The convergence of health, economic and social crises over the past 1.5 years has posed profound questions over the direction of travel for the world after COVID-19. The narrative emerging out of major international organizations like the International Monetary Fund stresses avoiding a ‘divergent recovery’, whereby some countries steam ahead with high growth rates underpinned by robust government interventions and others fall further behind. In this account, crisis aftermath should not witness budget cuts, but investment in employment and human capital formation. So, is austerity a thing of the past? In this article, we review available evidence, focusing on public spending projections by the IMF and the precise content of IMF lending arrangements. Overall, we find that abandonment of the austerity argument is partially true right now, and questionable in the medium-term. Our analysis of public expenditure projections reveals that by 2023, 83 out of 189 countries will face contractions in government spending compared to their 2010s average, thereby exposing a cumulative total of 2.3 billion people to the socio-economic consequences of budget cuts. Most of the contracting countries will be middle-income, while public spending in low-income countries is expected to stagnate at low levels. Further, the IMF's lending arrangements reveal the return of extensive austerity measures and structural reforms, reminiscent of the organization's past policy advice. Drawing on these findings, we elaborate on how this will likely impact global public health.
Policy Implications
- Efforts to achieve equitable and sustainable development once the pandemic subsides could be jeopardized by an impending wave of budget cuts.

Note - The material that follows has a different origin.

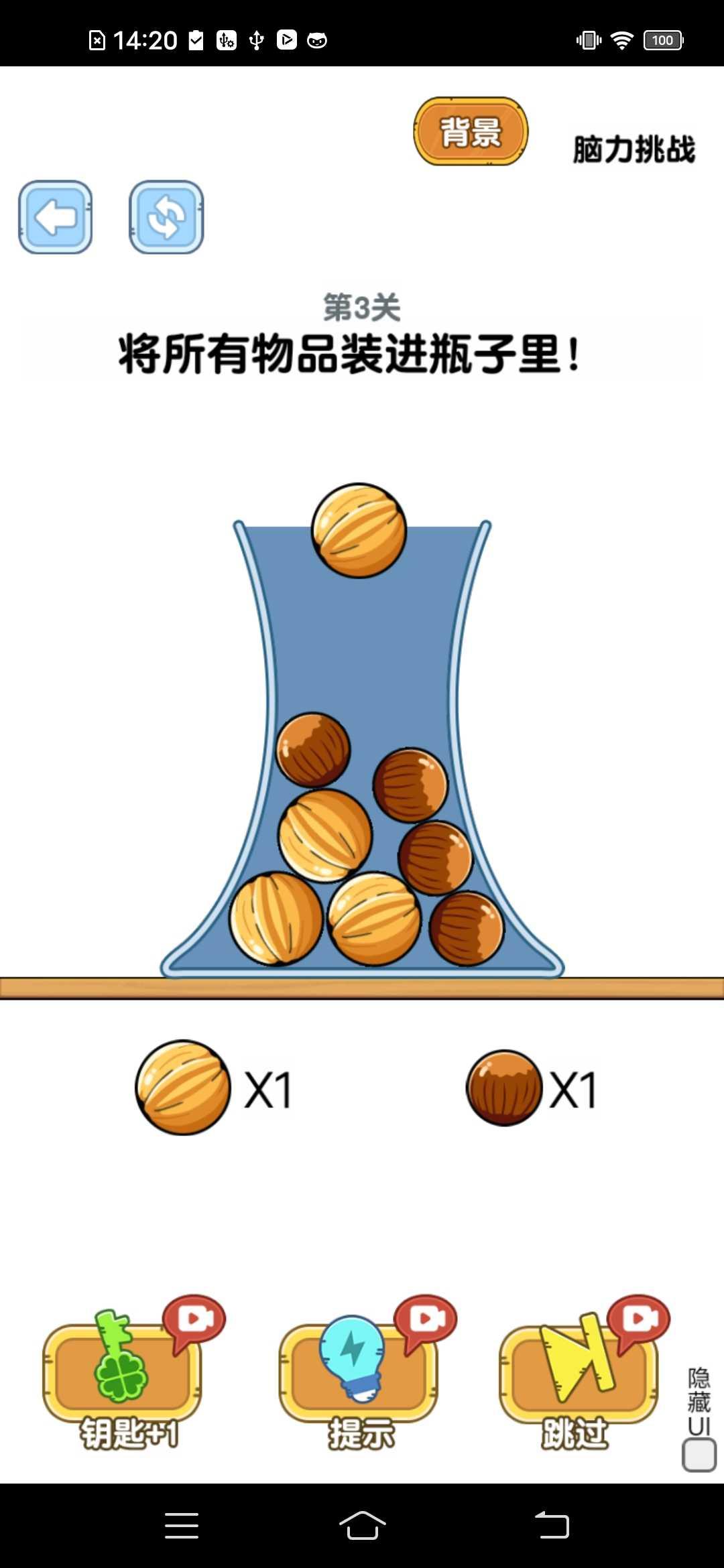 1.将所有的物品全部装进瓶子里面,这样你需要快速的完成挑战。

- Policymakers need to prepare for and mitigate crises in public finances in the medium-term.
- International financial institutions need to bolster their financial assistance to help countries bridge their financing gaps without resorting to stringent conditionality.
- Austerity measures have repeatedly been shown to have adverse socio-economic effects and should therefore be avoided.
- Progress in investing in health systems needs to be maintained with a focus on achieving universal health coverage rather than imposing budget cuts to the healthcare sector.